Allan: I play drums in the band Orgöne (space psych rock / noise / prog / kraut) with Tom and in a new band (since the beginning of this Summer) of chill lo-fi jazz hip hop music with Lali.
Tom: As Allan said, I play vintage keyboards in Orgöne. I also play guitar in Pramanta with Claudia (Cachemira, Falç de Metzinera) and Baptiste (Brain Pyramid, Fange, Thermic Boogie). This is quite a new project and only one song has been released yet on YouTube (“Track 2”, we still haven’t found a proper name for the song). We are playing fusion/jazz rock/prog music. I also have a few solo side projects, one is named Captain Blind Chameleon and the first album has been released, it’s kind of a mix between riff-filled stoner rock, 70’ prog and vocal harmonies. I also have released another album under my own name (Tom Penaguin) which is an album composed and recorded only using a drum kit and an analog synth (a Moog Matriarch). Those two solo side projects are entirely composed, played and recorded by myself so those will never be played live.

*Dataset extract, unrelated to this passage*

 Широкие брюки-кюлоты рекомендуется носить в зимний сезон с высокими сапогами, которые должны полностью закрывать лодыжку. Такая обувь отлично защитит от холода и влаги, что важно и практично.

Let’s end this interview with some of your favourite albums. Have you found something new lately you would like to recommend to our readers?
Chloé: ‘Teen Tapes (For Performing Your Own Stunts)’ by Lucy Kruger & The Lost Boys. This one is definitely one of my favorite discoveries of the year. It’s a different type of music but I recommend it. I would also recommend Bent Knee, a band that I discovered recently and like a lot.

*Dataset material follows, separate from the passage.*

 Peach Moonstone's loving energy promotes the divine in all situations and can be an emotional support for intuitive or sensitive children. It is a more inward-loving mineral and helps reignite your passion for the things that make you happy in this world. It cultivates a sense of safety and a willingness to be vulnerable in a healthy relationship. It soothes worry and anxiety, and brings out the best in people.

Temple Fang, I recommend you the band especially for the great vocals and harmonies they are using. I’m waiting for their next release as the last one is not really representative from what I saw live at Roadburn and Freak Valley. But for sure, it will be huge. ‘Marked for Death’ by Emma Ruth Rundle, a favorite album and artist. I love her universe, what she has to say, how she says it. Buffalo Fuzz’s self-titled is fantastic and so is my oldest favorite album, ‘We Are Him’ by Angels of Light. One of my favorite albums but discovered quite recently is ‘The Miraculous’ by Anna Von Hausswolf. I love to listen to her while I write my song and jump deeply into her voice and emotions. I’m also beginning to do this with Lingua Ignota recently.

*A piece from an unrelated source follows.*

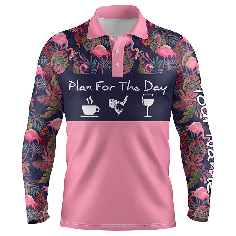 Mens golf polo shirt plan for the day coffee golf wine custom pink flamingo and palm leaves golf shirt NQS4001

Tom: ‘Hellfire’ by Black Midi, and the album before it, ‘Cavalcade’. To me there isn’t another band who’s pushing the boundaries of music as hard as they do. ‘Talk Memory’ by BadBadNotGood, because it sounds beautiful. Any album by Elephant9. Not a new band but I found out about them only recently. They know how to improvise, and they do it a lot. Any album by Kanaan, for the same reasons. ‘Viet Cong’ by Preoccupation. I discovered it last month. This is the perfect blend between pop, shoegaze, math rock and post punk/post rock/noise rock. They are amazing. Bunker Buster is magnificent. Unschooling (both the EP and the album). I still haven’t understood what they are playing and where they are going, and I love it. Sounds like Palm meets Pere Ubu meets Unwound. It’s crazy. The Cardiacs. Please, go listen to them.
Lali: ‘Abbey Road’ by The Beatles. I think it’s their best. It’s a point where the heaviness and psychedelia of the band is at their best. I could listen to it every day. ‘Humbug’ by Arctic Monkeys. Love the atmosphere, love the production, love how they evolved since the previous album. ‘Amphetamine Ballads’ by The Amazing Snakeheads. This album is the only one this band made before the death of their amazing singer. This album is really dark and explosive. So sad we won’t hear more from them. ‘Metronomie’ by Nino Ferrer, my favorite French singer. Because they are not all as lame as we think, Nino Ferrer was a real soul and rock music lover (this album which opens with a prog rock song), and delivered a unique piece of music in the French musical landscape at the time it came out. ‘Heavy’ by Iron Butterfly, out in 1968, the release of one of the pioneers of heavy rock. I love the mix between the rock atmosphere and the classic influences the band had. I also particularly like the bass lines and the voice of the singer.